= Juneteenth in Oregon =

Celebration of the end of slavery in the United States

Juneteenth, a celebration of emancipation from slavery, was introduced to Oregon in 1945 by Kaiser Shipyard worker Clara Peoples, was recognized by the city of Portland in 1972, statewide in 2013, and federally in 2021.

==Timeline==
Peoples helped make Juneteenth recognized by the City of Portland in 1972. Mayor Sam Adams and Amanda Fritz declared Peoples the "Mother of Juneteenth" in 2011. Juneteenth became an observed holiday for the City of Portland and Multnomah County employees in 2020, as part of a resolution to address structural racism.

Peoples and first Black Oregonian Senator Avel Gordly led an effort to make Juneteenth a statewide holiday in 2001. The resolution passed.
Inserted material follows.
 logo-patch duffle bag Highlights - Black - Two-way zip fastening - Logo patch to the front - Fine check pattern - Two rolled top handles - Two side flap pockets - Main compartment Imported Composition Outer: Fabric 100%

Multnomah County first recognized Juneteenth in 2018, sponsored by County Commissioner Loretta Smith. That event celebrated and heard from Senator Gordly.

==Clara Peoples==
Clara Peoples (Née Clara Mae Walker) was born in Muskogee, Oklahoma on 8 September 1926. She moved to Vanport, Oregon in 1945, working for Kaiser Shipyards during the World War 2 shipbuilding efforts, where she started a Juneteenth event in 1945. Her family was flooded and displaced in the 1948 Vanport floods. Moving to 1406 NE Ainsworth with her husband Haley Peoples Sr. in the redlined area of Northeast Portland, she then organized efforts to feed people, which turned into the Community Care Association in 1969. By the following year the association was operating out of 2022 NE Alberta Street, rent-free from the anonymous building owner. The Alberta Street location was previously the Red and White store, seen in a 1931 photo, and was later the Don Pancho Taqueria and Market from 2000 to 2016.

Later, Peoples and Arlene Grice became the first two Black elevator operators at Joseph Shemanski's Eastern Department Store. She was also the first Black person on the State Board of Agriculture. She was also a hall monitor at Adams High School.
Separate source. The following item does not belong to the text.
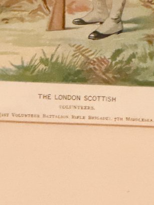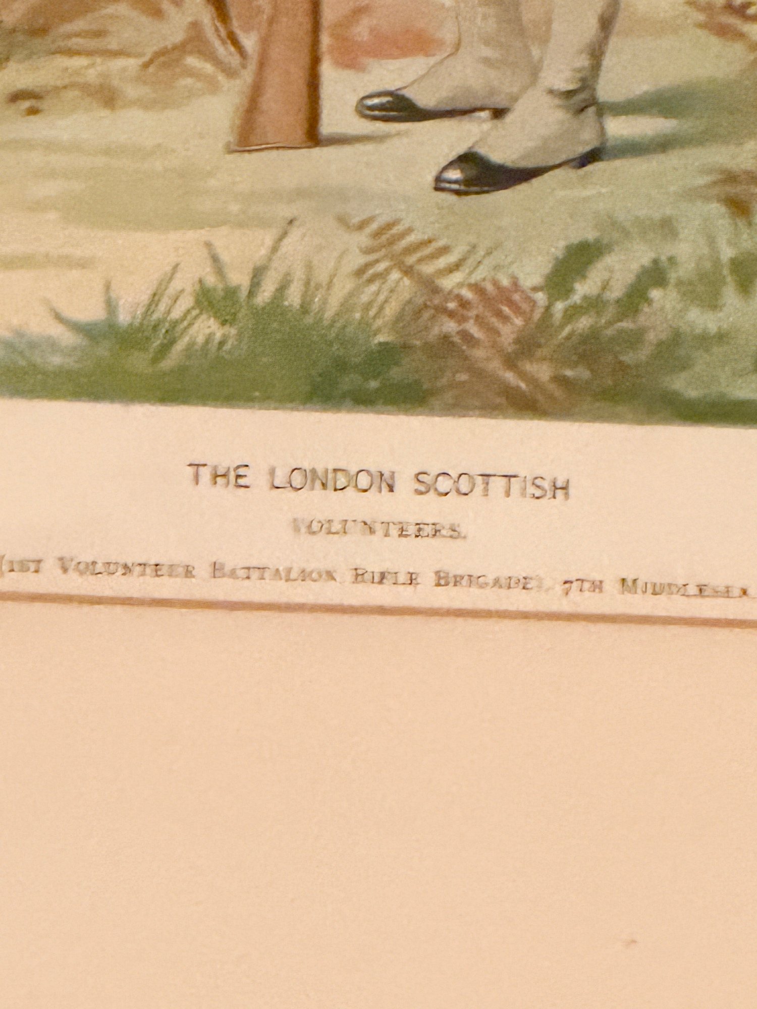 London Scottish Volunteers (1st Volunteer Battalion Rifle Brigade) antique print. The original chromolithograph from Walter Richard’s ‘Her Majesty’s Army’ Published c.1890.

In 2011 and 2013, Oregon politician Lew Frederick introduced bills to recognize Peoples. It was enrolled and signed by the governor on May 1, 2013.

Peoples died on October 5, 2015, at age 89. The annual parade was named the "Clara Peoples Freedom Trail Parade" beginning in 2016.

By 2020, Peoples' granddaughter, Jenelle Jack, was the director of Juneteenth Oregon.